While I was trying to work out what the problem was I did notice that every 8 seconds there was a current surge. This is to be expected as the ATtiny85 wakes up to check if anything needs to be done. With a digital multimeter it was not possible to measure what that current surge is. So I added a low value resistor (12 Ohms) into the ground connection so that I could use my DSO to measure the current. The 12 Ohm resistor will slightly reduce the voltage supplied to the ATtiny85 it should only be a few mV and not too much of a problem. If a higher current load is used then this resistor would need to be removed. The image below shows the current consumption when the LED is turned on. The scales are 10 mV per vertical division and 250 ms per horizontal division.
The quiescent voltage is 4 mV and with the 12 Ohm resistor this equates to 0.33 mA which is as expected.

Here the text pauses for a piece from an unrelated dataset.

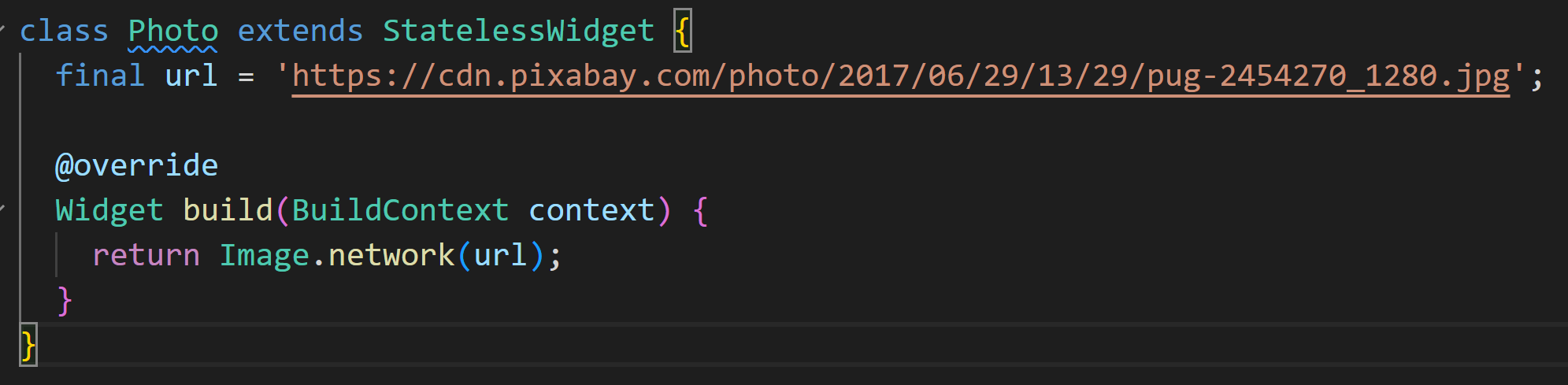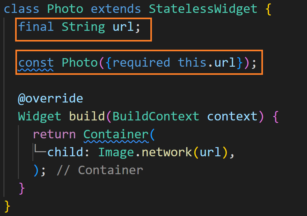 Stateless 위젯인 Photo 클래스를 만들어 주었습니다. url이라는 final 필드를 가지고 있고 클래스가 생성되면서 url 주소가 바뀌는 걸 원하지 않기 때문에 사진의 주소를 고정값으로 가지고 있습니다. build 메소드에서는 Image의 network 생성자를 사용해서 Image위젯을 만들고 있습니다. 이미지의 소스는 단순히 고정 url값을 넣어주고 있습니다. 이것으로 정적 위젯의 작성은 끝이 났습니다.

There is then a step up to 16 mV as the ATtiny85 wakes up and gets ready to turn on the LED, equating to a current of 1.3 mA. This period lasts for about 75 ms and then the LED turns on. showing a voltage of 21 mV which equates to 1.75 mA which is the power needed by the ATtiny85 and the LED. The ATtiny85 goes back into sleep mode while the LED is on ( a very clever arrangement) so needs to wake up for another 75 ms to turn off the LED, needing a small additional burst of current. This is pretty much as expected.

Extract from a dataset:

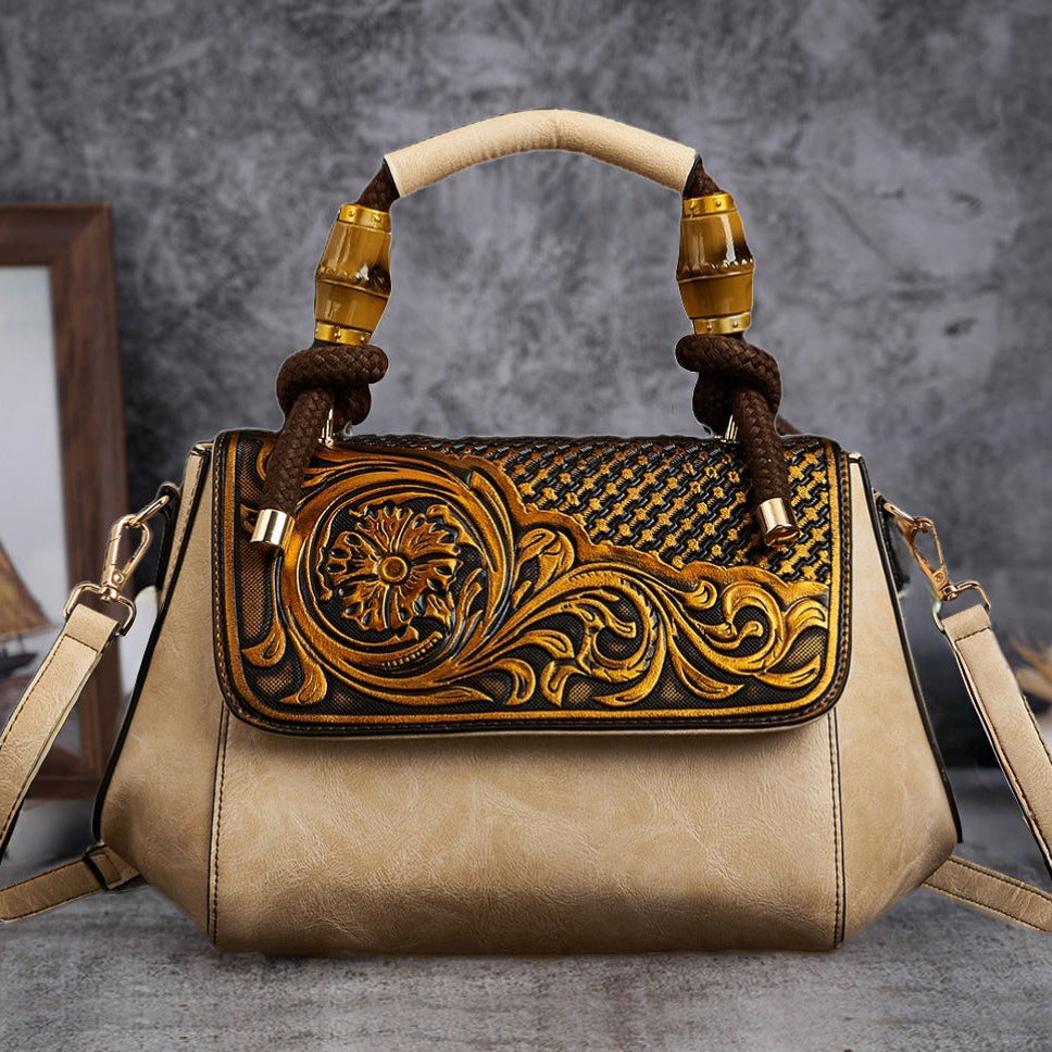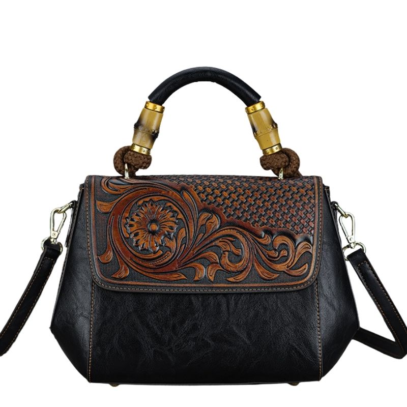 These elegant handbags feature intricate floral embossing, offering a touch of vintage charm. Available in rich brown, sleek black, deep green, and classic beige, they suit various styles. The sturdy top handle with metallic accents adds sophistication and durability. Perfect for sophisticated daily wear or special occasions.

The image below shows the current needed when the ATTtiny85 wakes up from an 8 second sleep, resets the WDT and then goes back to sleep again. This period lasts for about 60 ms and requires the same 1.3 mA as above. The scales are 10 mV vertical and 100 ms horizontal.
This does indicate that the DigiSpark ATtiny85 board is doing pretty much what I anticipated so I am uncertain why the battery did not seem to last the full 25 days. It could be that the battery had lost some power capacity (I had used it before!) so I will try another brand new battery. I have had these batteries for a couple of years but the use by date is 2028 so they should be OK. I'll see how long this new battery lasts.
Dubbie